Well, this is the end of the rant. Thank you — I feel better now. Surely you have your own pet peeves as an adjuster. What are they? Share them here or email them to me at kevin@kevinquinley.com

Comments

  1. I couldn’t pass this up; even at 3:40 A>M> (don’t ask).

    I’m NOT an adjuster, but I’ve been around for long enough to have a few valid opinions. My number one complaint:
    You go to 8 hours of boring C.E. meetings and have “fraud is evil” hammered into your head. Then some manager decides that “settle, settle, settle” should be the credo.

    Failure of management to select and then follow through on appropriate training. Good training should never ever ever be overlooked.

    Failure of designated “go to” company people for certain cases. If you don’t have a clue what a spondololiothesis is (can’t even spell it), how can you rationally evaluate it?

    Paid whores — we all know exactly what those are, who they are, and we rely on them anyway. Too many carriers have nothing independent about an IME.
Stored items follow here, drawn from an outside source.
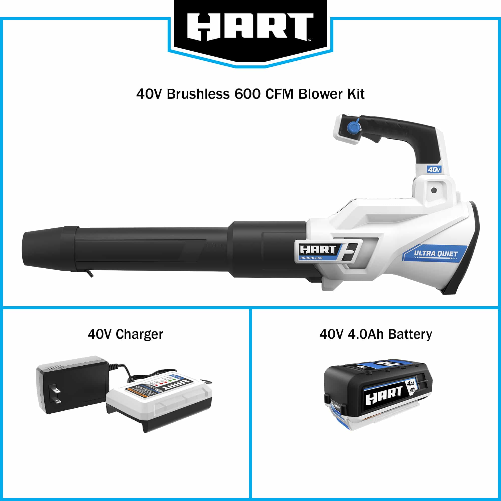 HART 40V 155 MPH at 600 CFM Cordless Brushless Axial Leaf Blower Kit, (1) 4.0Ah Lithium-Ion Battery
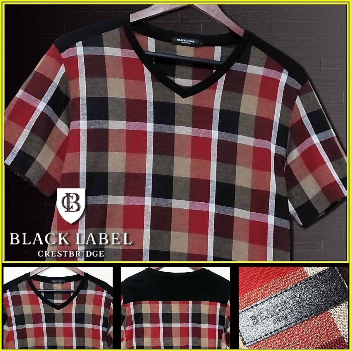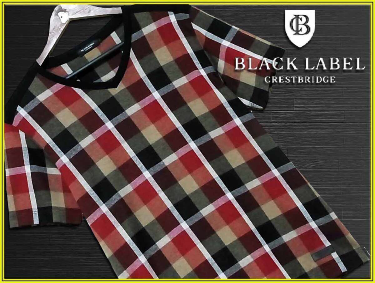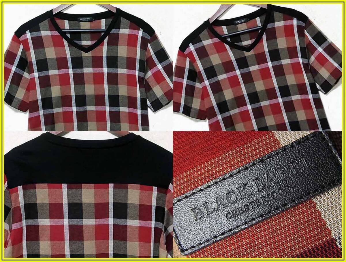着用1回のみ!大人気L!LIMITED!肩ブラック×CBチェック Tシャツ▼ブラックレーベルクレストブリッジ CRESTBRIDGE バーバリー
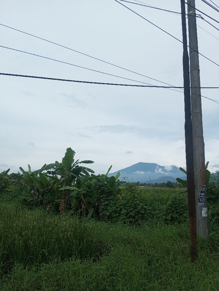 A rural landscape features tall green grass in the foreground, leading to a dense mix of bushes and banana trees. In the distance, a mountain with cloudy peaks rises against a cloudy sky. An electrical pole stands on the right, power lines crisscrossing the upper part of the frame, adding a man-made element to the otherwise natural scene.
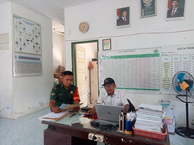 Asahan  |  Dalam rangka meningkatkan sinergitas dan memperbaharui data kewilayahan di desa wilayah binaanya, dalam kesempatan ini seperti yang dilakukan oleh Personel Bintara Pembina Desa (Babinsa) Koramil 13/Buntu Pane jajaran Kodim 0208/Asahan Serda Mas Pujianto turun kewilayah binaan untuk melaksanakan kegiatan Komunikasi Sosial (Komsos) dan sekaligus melaksanakan Pul Data Ter bersama dengan Aparat Desa dalam rangka untuk mempermudah memperoleh data terbaru yang diperlukan serta adanya perubahan data, kegiatan mendata Jumlah penduduk di kantor desa Sumber Padi, selain bersilaturahmi kegiatan tentang data kependudukan guna untuk memperbaiki akurasi data kependudukan serta mengantisipasi permasalahan-permasalahan yang berhubungan dengan data kependudukan serta mengajak kepada Aparatur desa agar selalu menjaga kerukunan antar warga dan menjaga kebersihan lingkungan kantor maupun di Rumah-rumah warga Desa Sumber Padi, bersama dengan Sekdes Piasa Ulu Bapak Daulay dan Kaur Umum ibu Wina, kegiatan tersebut yang dilaksanakan bertempat di Kantor Desa Piasa Ulu Kecamatan Tinggi Raja Kabupaten Asahan, Kamis (28/08/2025).
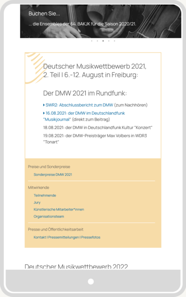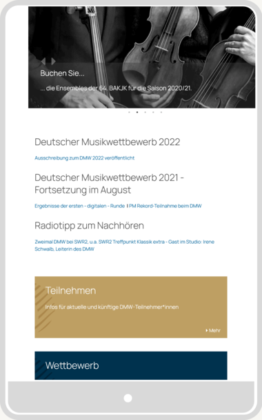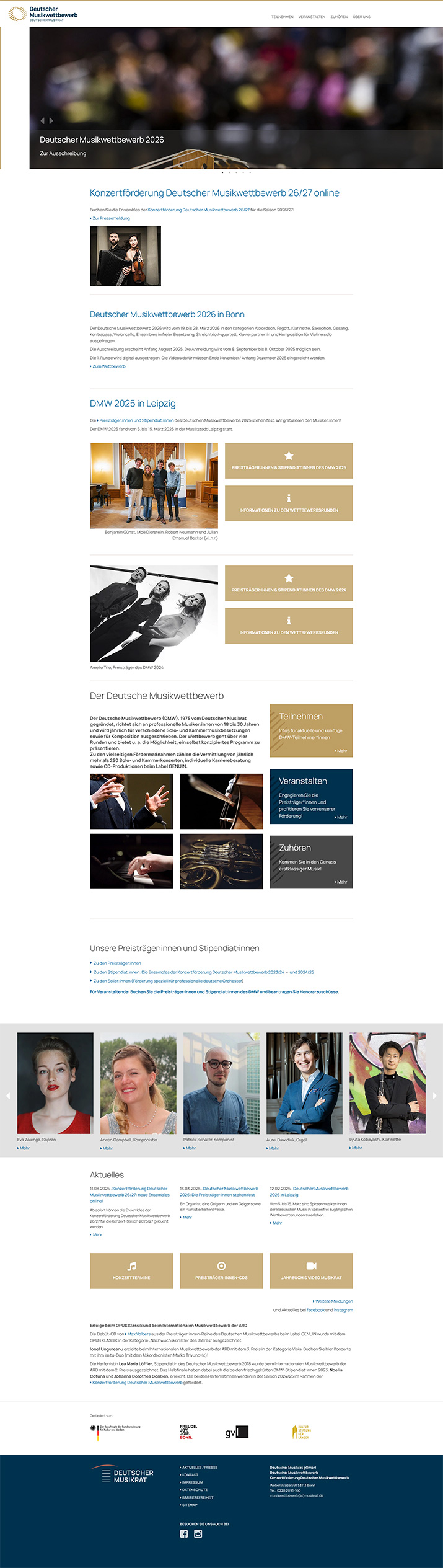 Relaunch der Webseite des Deutschen Musikwettbewerbs, einem Projekt des Deutschen Musikrates zur Förderung Musizierender an der Schwelle von Ausbildung zu Beruf
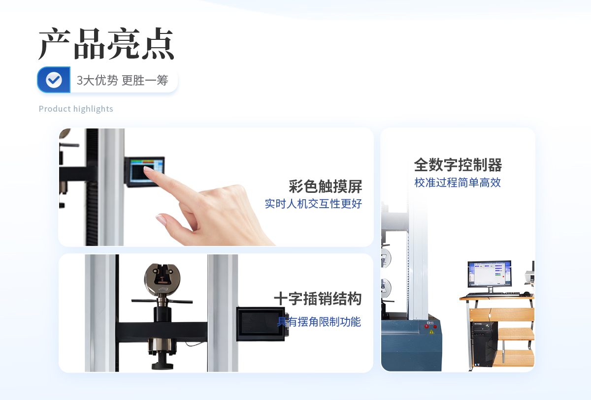 該系列萬能試驗機適用于橡膠、塑料、紡織物、防水材料、電線電纜、網(wǎng)繩、金屬絲、金屬棒、金屬板、各種金屬、非金屬及復合材料的力學性能指標的測試,如各種拉伸試驗,通過更改附具便可輕松完成壓縮、彎曲、剪切、撕裂、剝離、穿刺等試驗。7寸TFT彩色觸摸屏,直接輸入試驗參數(shù),中英文操作界面層層提示,用戶無需操作手冊即可輕松操作。本拉力試驗機具有試驗力數(shù)字顯示,試驗速度連續(xù)可調(diào),試樣拉斷自動停機,峰值保持等功能,試驗結(jié)果完全符合國家相關(guān)標準的要求。
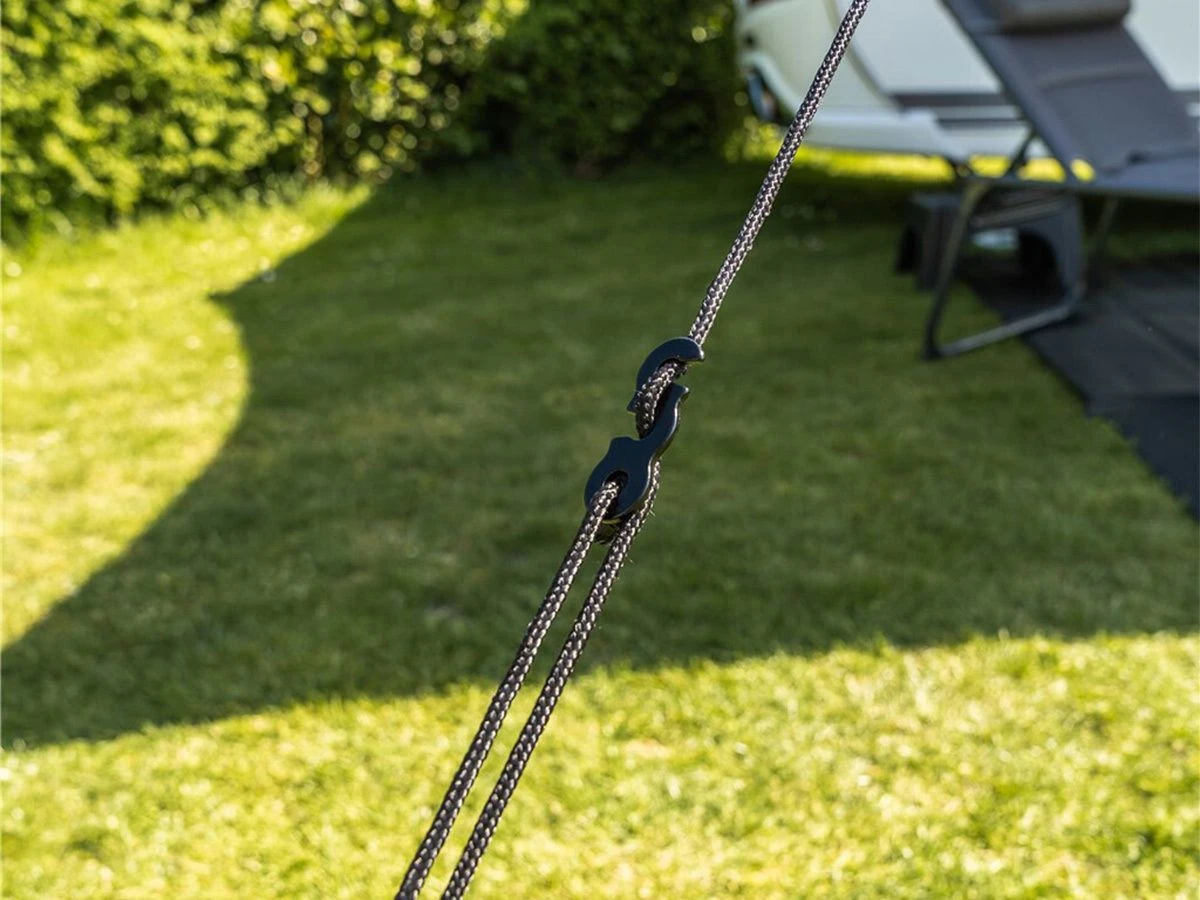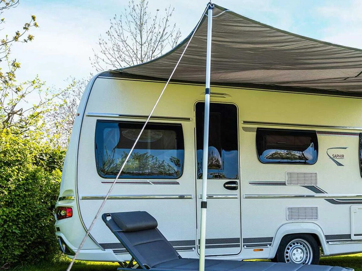 De luifel heeft LED-lampjes langs de randen, waardoor hij er een stuk gezelliger uitziet. Je bevestigt het schaduwdoek gemakkelijk aan de caravan, en met de meegeleverde accessoires zet je de luifel snel en eenvoudig op.

    Day old donuts and the cheapest crap coffee known to man in the break room. C’mon guys.

    BEAN COUNTERS.

    Out-dated inefficient “manuals.”

    Carriers who do not encourage interaction (of the work variety) between adjusters. Inidivdual knowledge may be limited, but combined knowledge is a plus-plus for everyone.

    “We’ve always done it that way before.” (Don’t even get me started ….)

    Out dated forms or formats that must be completed.

    The checklist mentality that must be followed USING those out-dated forms.

    Lack of ongoing educational materials. How does any astute investigator broaden his/her horizons if he does not have his own copy of JCFR?

    Companies that have never realized that an adjuster or an investigator IS HIS ROLODEX/ADDRESSBOOK/ OR KNOWN CONNECTIONS. Picking up the phone and getting to the right person instantly saves an incredible amount of time having to wade through a half dozen “little folks.” Forking over the money/time to attend a 2 hour monthly meeting and eat a $20 lunch among peers can save the company countless hours of wasted time.

    I suppose it all boils down to being able to think Big Picture, rather than Small picture.

    Okay, it’s almost 4 a.m. — how many more do you want? (I’m going to sleep, darn it!)

    Want more? The list is looooooooooooooooooooooooooooong.